The more I read, the more I realized how much of the English language I didn't know. C.S. Lewis, the person who inspired me the most in almost every way, was dishing out words that I'd never heard, though, once learned, became way more common for me in everyday life. In fact, he was so inspirational that I didn't find out until later that I was actually spelling more than a few words the way the British would spell them, not the American way. Regardless, my vocabulary expanded. 

It was when I got into writing professionally that it was made pretty clear that I still had a massive chunk of knowledge missing about my own language. Over time, my vocabulary expanded even more, and that knowledge gives me the ability to read and comprehend important books and writings. 

To be clear, I'm not saying I'm smarter than everyone. Far from it. The more I learn, the more I realize how dumb I am. I'm probably just a man of average intelligence who reads a lot of books and articles, and gets first-hand experience because I'm also a habitual writer both on and off this site. 

Why am I telling you this about myself? 

Because the more I interact with people, especially my own generation and Gen Z, the more I realize how lucky I am that I know my own language as well as I do, because others don't, and it shows in their knowledge, their lack of logical thinking, their reliance on emotions to guide them, not outcomes, and their struggles with abstract concepts. 

What inspired me to write about all this was a video I came across on YouTube by a young girl who started up a YouTube channel called "The War on Beauty." Unlike "modern" Gen Z girls, the beauty this one is concerned about is the beauty of Western culture. Her YouTube is full of videos discussing what's causing the West to decline and celebrating aspects of it that are worth holding up and preserving. 

The video that got my attention, however, was one titled "The past is a foreign language," where she details the societal angle of everything I just talked about above. People are losing the English language. They're not being taught how to use it properly; in fact, using it as you should is considered pompous and nerdy. It was my friend's older brother's attitude, but it spread across the Western world. 

And she makes an incredible point in her video. 

If we can't understand our language to the extent we should today, then we're definitely not going to understand the people who built our civilizations, the wisdom they held, their reasoning behind the decisions they made, and even the laws by which we function as a society. 

I'd encourage you to watch her video in full.

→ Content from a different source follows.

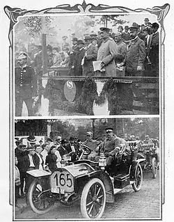 Hubert von Herkomer war unter den Geladenen, war fasziniert und wollte Derartiges auch in seinem ursprünglichen Heimatland abhalten lassen. Allerdings gewann das Rennen von 1903 der Belgier Camille Jenatzy in einem 60 PS DMG aus Cannstatt (also einem Mercedes), wodurch Deutschland zum Austragungsort 1904 wurde. Der frühest sinnvolle Zeitpunkt für ein ähnliches Ereignis war demgemäß 1905. Herkomer gestaltete selbst die 40 kg schwere Sieger-Trophäe aus Sterlingsilber[4] und gewährte dem Sieger eines der damals begehrten Porträts aus seiner Hand. Nicht zuletzt wegen seines persönlichen Engagements fanden sich Teilnehmer aus bedeutenden Kreisen des Hoch- und des Geldadels ein: Mit dabei waren beispielsweise Prinz Heinrich von Preußen (der Bruder des Kaisers), Herzog Ludwig in Bayern, Prinzessin von Isenburg (goldene Plakette 1907), ein Herzog von Arenberg, Prinz Josef von Battenberg, der Herzog von Bojano und Lord Montague of Beaulieu.[1] Weiters beispielsweise August Horch, Karl Fichtel, Ernst Sachs, Ernst Büssing, Edgar Ladenburg, Heinrich Opel oder Vincenzo Lancia.[3]

It's about 11 minutes long, but she makes some incredible points about how our lack of understanding of our own language is actually helping to erode our civilization. We can't read our own laws, we can't imbibe the wisdom of those who came before, and we can't expand our imaginations through storytelling or think critically. 

What alarmed me in this video is that she points out an article called "The End of Reading Is Here" by The Atlantic, published earlier this month. In it, a Harvard assistant director claimed that a student was struggling to read a book written in "Old English." 

The book? 

"A Clockwork Orange." 

The student was apparently using ChatGPT to "translate" the book into easier words. 

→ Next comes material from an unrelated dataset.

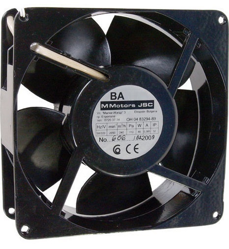 Корпус изготовлен из алюминия, лопасти вентилятора - из жаропрочного пластика (стеклонаполненного полиамиада). В двигателе используются радиальные шариковые подшипники закрытого типа, что гарантирует низкий уровень шума и безотказную работу вентилятора в течение 30 000 часов. Габариты: 150х150х55 мм.

Language naturally shifts and changes over time. In 500 years, the way I'm speaking now may sound pretty archaic, but I fear that the change won't have happened because our speech evolved, but that it will become less than what it is. That we bred people less willing to embrace the incredible intellectual power of the English language, which helped build incredible wonders the world has never seen before, so they could be "like folks." 

If that's the case, I have to wonder if we'll ever see that kind of advancement again.